• [Work instruction]: Restate word for word the lines below that run from the one holding "For example, when" through the one holding "Bulls Brutus Darts", inclusive. Pictures don't belong in the copy.

• [Exercise material]:
__________

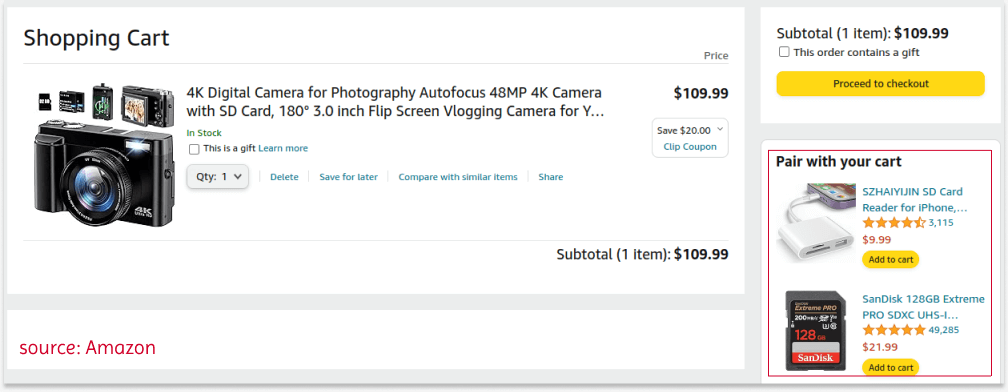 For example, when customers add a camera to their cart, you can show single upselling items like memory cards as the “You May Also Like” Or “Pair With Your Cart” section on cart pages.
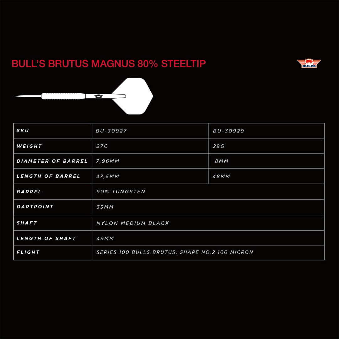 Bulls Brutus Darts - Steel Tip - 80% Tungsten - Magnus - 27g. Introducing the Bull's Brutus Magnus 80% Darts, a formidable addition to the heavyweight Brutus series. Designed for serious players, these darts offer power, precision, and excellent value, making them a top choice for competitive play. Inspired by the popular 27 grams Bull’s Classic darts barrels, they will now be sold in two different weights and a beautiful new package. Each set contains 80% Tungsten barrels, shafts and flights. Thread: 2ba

__________

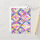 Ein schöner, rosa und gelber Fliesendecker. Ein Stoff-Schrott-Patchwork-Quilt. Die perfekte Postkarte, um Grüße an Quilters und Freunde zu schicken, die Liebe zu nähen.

__________

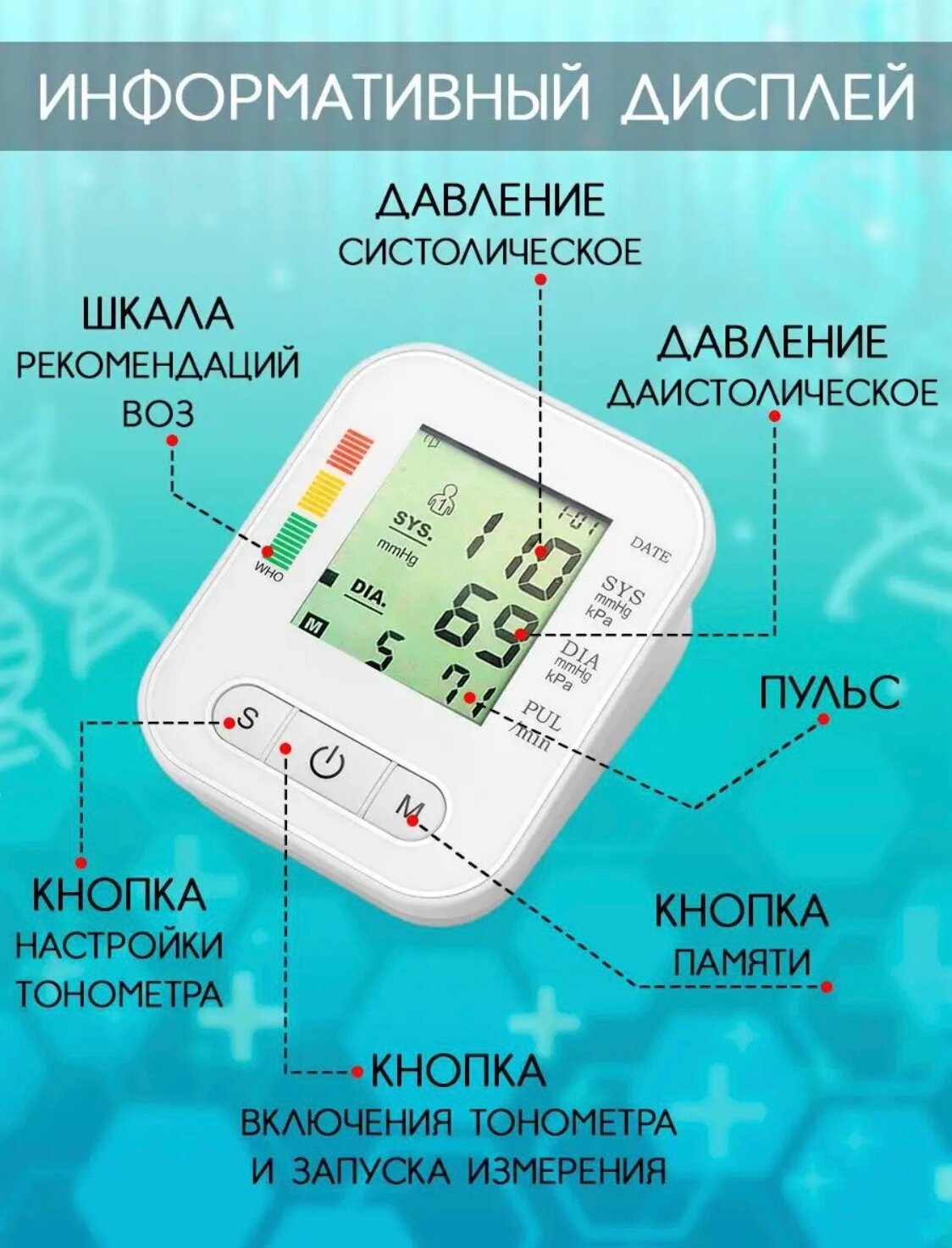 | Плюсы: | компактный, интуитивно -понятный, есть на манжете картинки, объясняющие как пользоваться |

__________

• [Reply]:
 For example, when customers add a camera to their cart, you can show single upselling items like memory cards as the “You May Also Like” Or “Pair With Your Cart” section on cart pages.
 Bulls Brutus Darts - Steel Tip - 80% Tungsten - Magnus - 27g. Introducing the Bull's Brutus Magnus 80% Darts, a formidable addition to the heavyweight Brutus series. Designed for serious players, these darts offer power, precision, and excellent value, making them a top choice for competitive play. Inspired by the popular 27 grams Bull’s Classic darts barrels, they will now be sold in two different weights and a beautiful new package. Each set contains 80% Tungsten barrels, shafts and flights. Thread: 2ba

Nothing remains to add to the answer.